In 1961, Rusty's name appeared in a news story about a concert being promoted for a Saturday night at the Raleigh County Memorial Building in Beckley, West Virginia. The show was being promoted by Charles (Chuck) Nary and Price Hill. Originally it was claimed the Cancer Society was to 'benefit' from the concert or telethon, but that organization had cancelled and they tried to move the concert to Beckley. However, the problem was that they were promoting all of the stars on the show as "Grand Ole Opry" stars when in fact none of them were on the Opry. The scheduled or promoted performers were Jimmie Skinner, Connie Hall, Rusty York and his Midwestern Hayriders, Esco Hankins and Milly, Tex Bellin, Carol Jean, Eddie Rick and Cowboy Howard Vokes. Word got back to the performers and Connie Hall, who was relatively new at the time, found out and told the newspaper she could not perform under false pretenses. Things got so bad that Albert Cecere, who was manager of Associated Music Enterprises in Beckley barred Mr. Nary from using his office any longer; he had been letting them use his phone number to promote the show. An article touting the benefit concert for the local Heart Fund indicated that Rattlesnake Hogan and his Playboys, a local group, would provide the background music.

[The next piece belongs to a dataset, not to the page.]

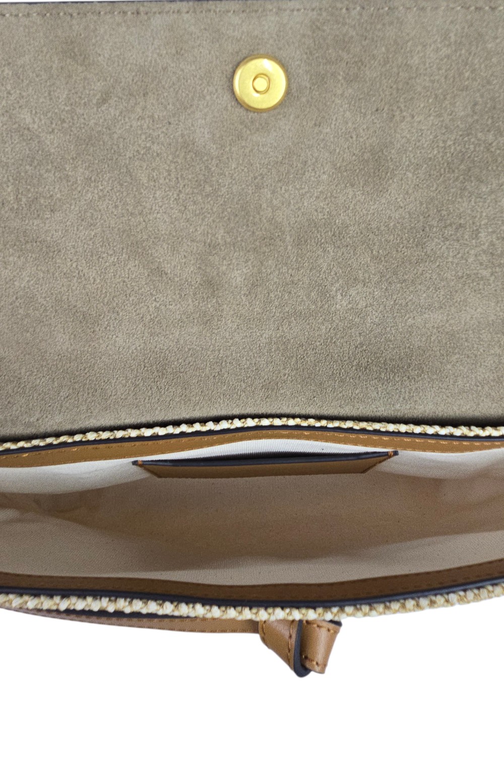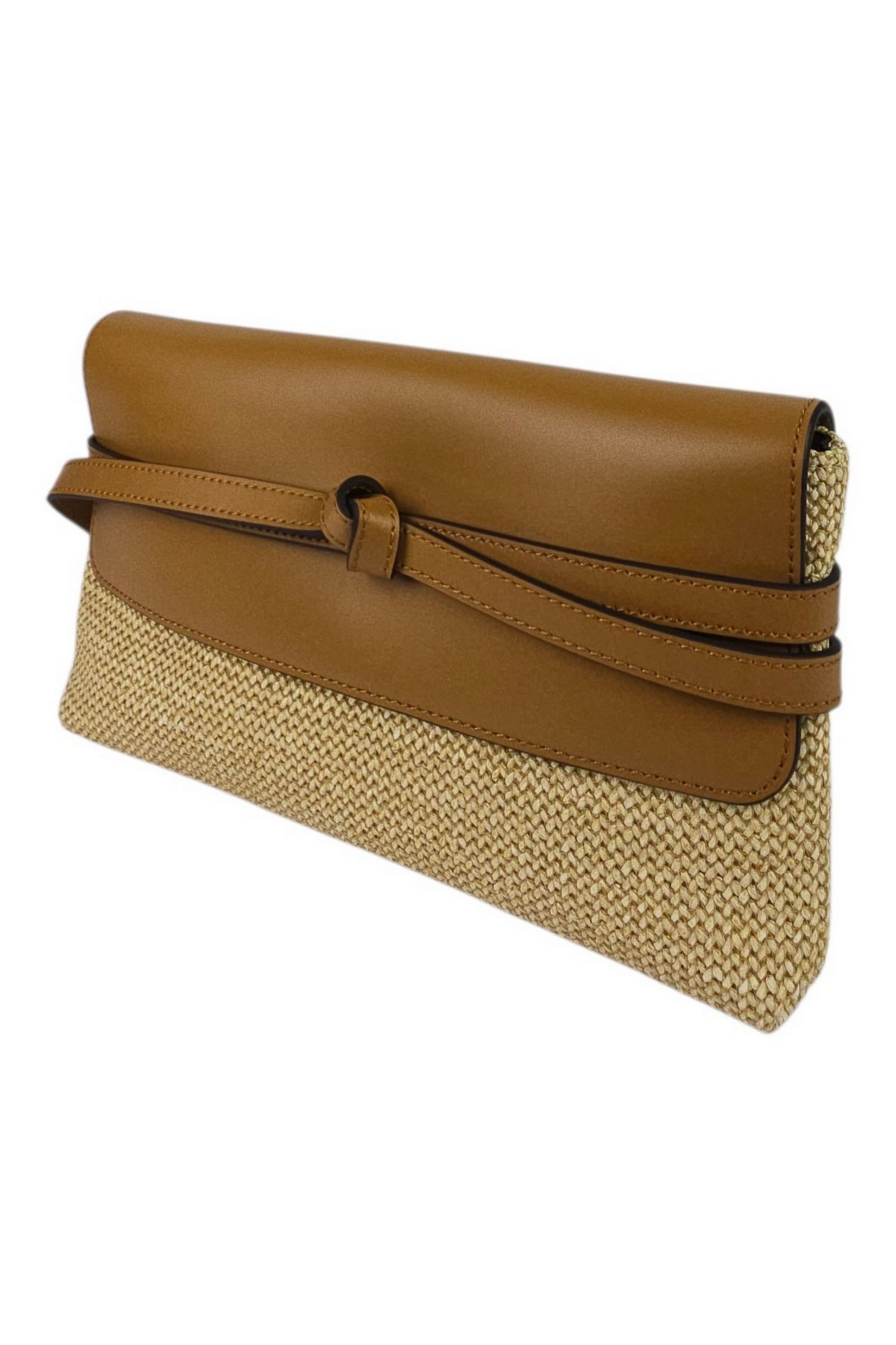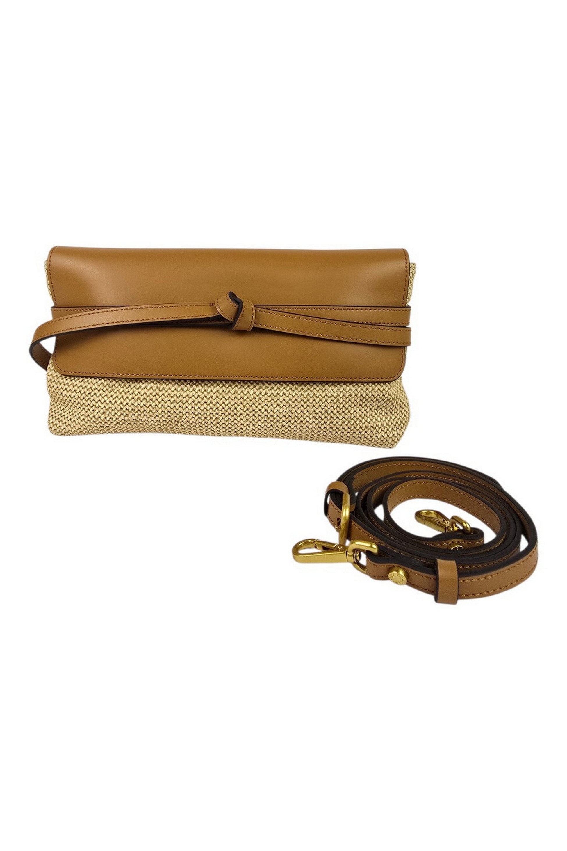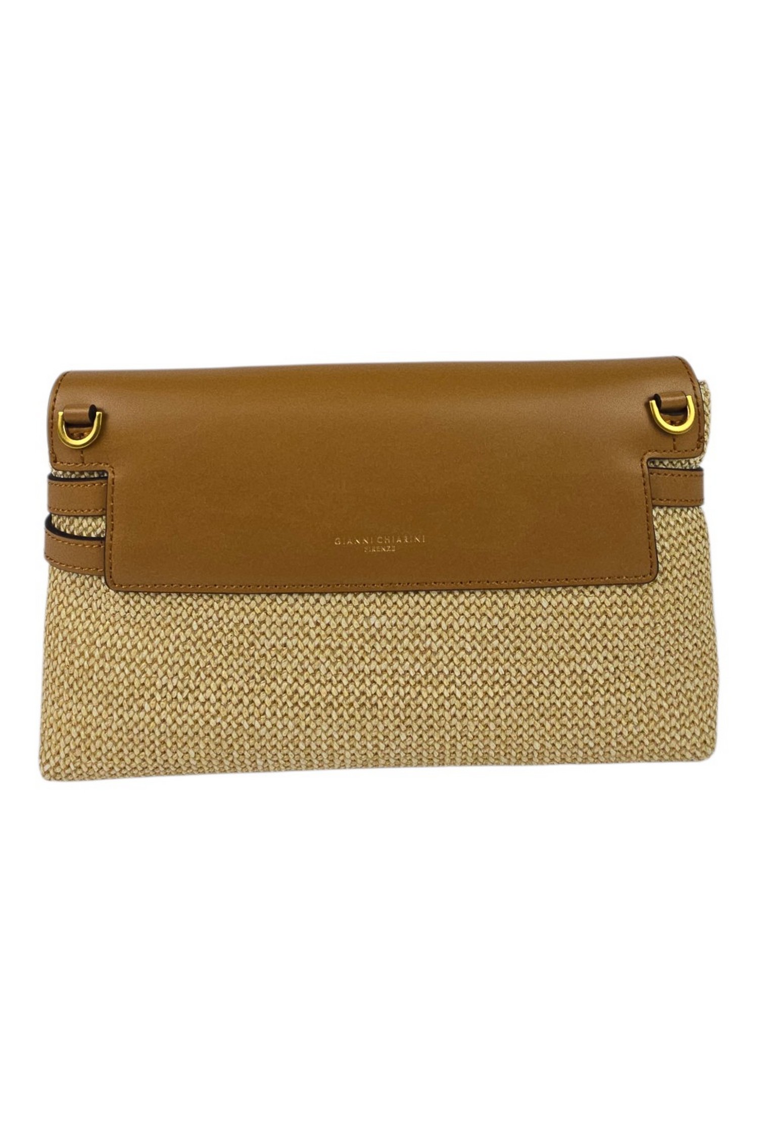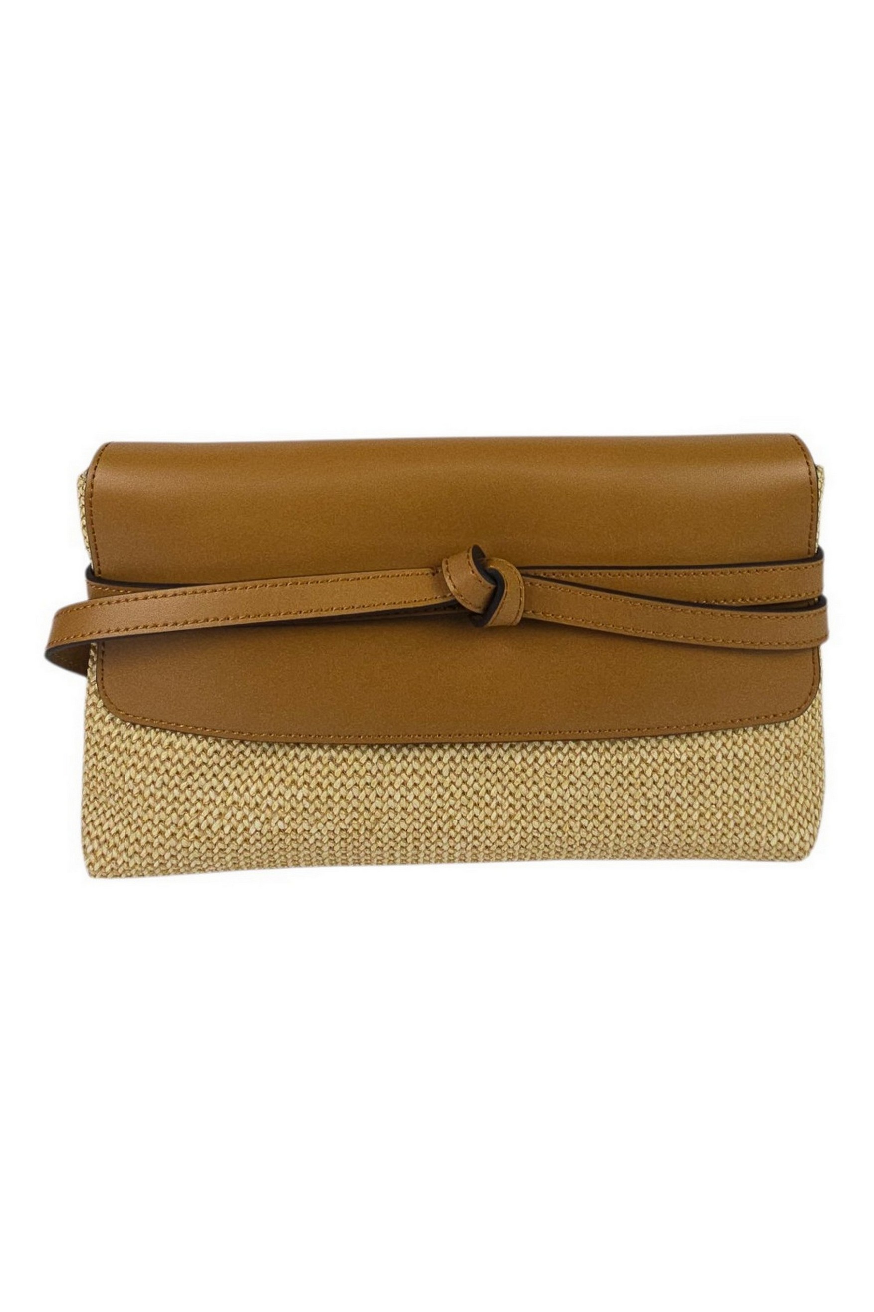 Borsa tracollina Belty di Gianni Chiarini Firenze, realizzata in paglia e arricchita da dettagli in pelle. Il dettaglio distintivo è il laccio che avvolge la borsa come una cintura, creando un elegante nodo decorativo sul davanti.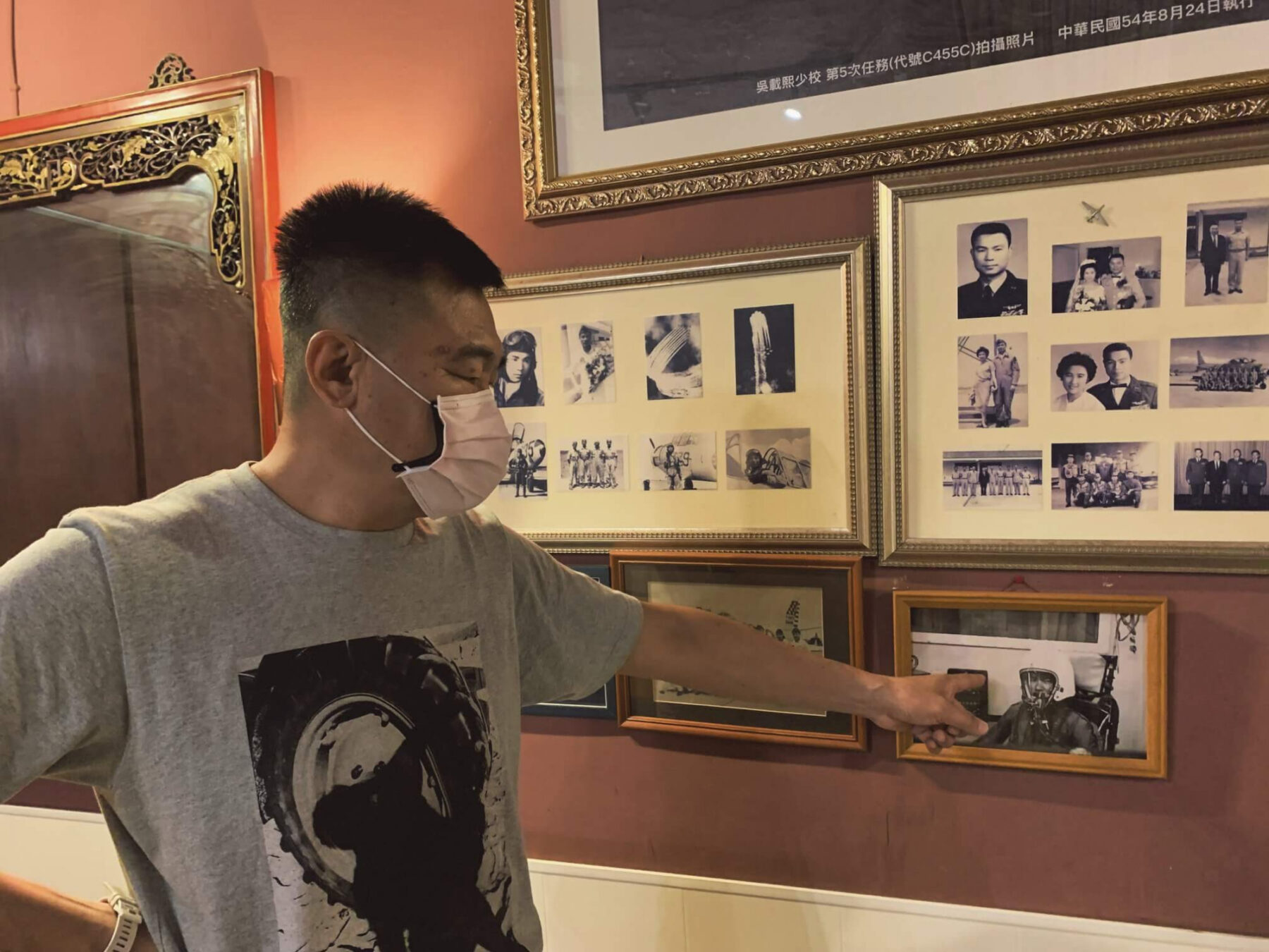 指著一張民國54年拍攝的黑白航空照,老闆吳興華娓娓道出家父曾是黑貓中隊的一員。黑貓中隊創立於國共內戰期間,是一支與美國中央情報局合作的秘密小隊,執行元首層級的「快刀任務」,負責高空偵測共產陣營。

The article indicated that 60 per cent of the profits from the sale of a program as well as 10 per cent of the gate receipts before expenses would be donated. Nary was arrested in Fayetteville, WV on a charge of obtaining money under false pretenses. The Opry issued a statement from Ott Devine noting that none of its performers were a part of the advertised show.
By 1971, Rusty cut back on touring and concentrated on upgrading the small studio he started in his garage some time before. He eventually built a larger facility in suburban Mt. Healthy, Ohio. His Jewel Studio recorded all kinds of music ranging from black gospel quartets to classic bluegrass by such figures as J. D. Jarvis, Hylo Brown and Mac Wiseman, and also TV show themes. One sacred album featured York on one side and Jarvis on the other. In 1973, he did a bluegrass banjo instrumental album for Queen City with guitar support from rock musician Lonnie Mack. In between times, he released some of his unreleased rockabilly numbers such as "Great Balls of Fire" on his own Jewel label. Rusty moved the Jewel Recording Co. to a new loacation at 1594 Kinney Avenue in Cincinnati in the fall of 1967.
Rusty operated his studio until 2008 when he retired. In 2012, a Cincinnati rockabilly historian reported that he was in ill health. Moving to Florida Rusty died two years later. He was buried back in the east Kentucky highlands from whence his musical heritage was born.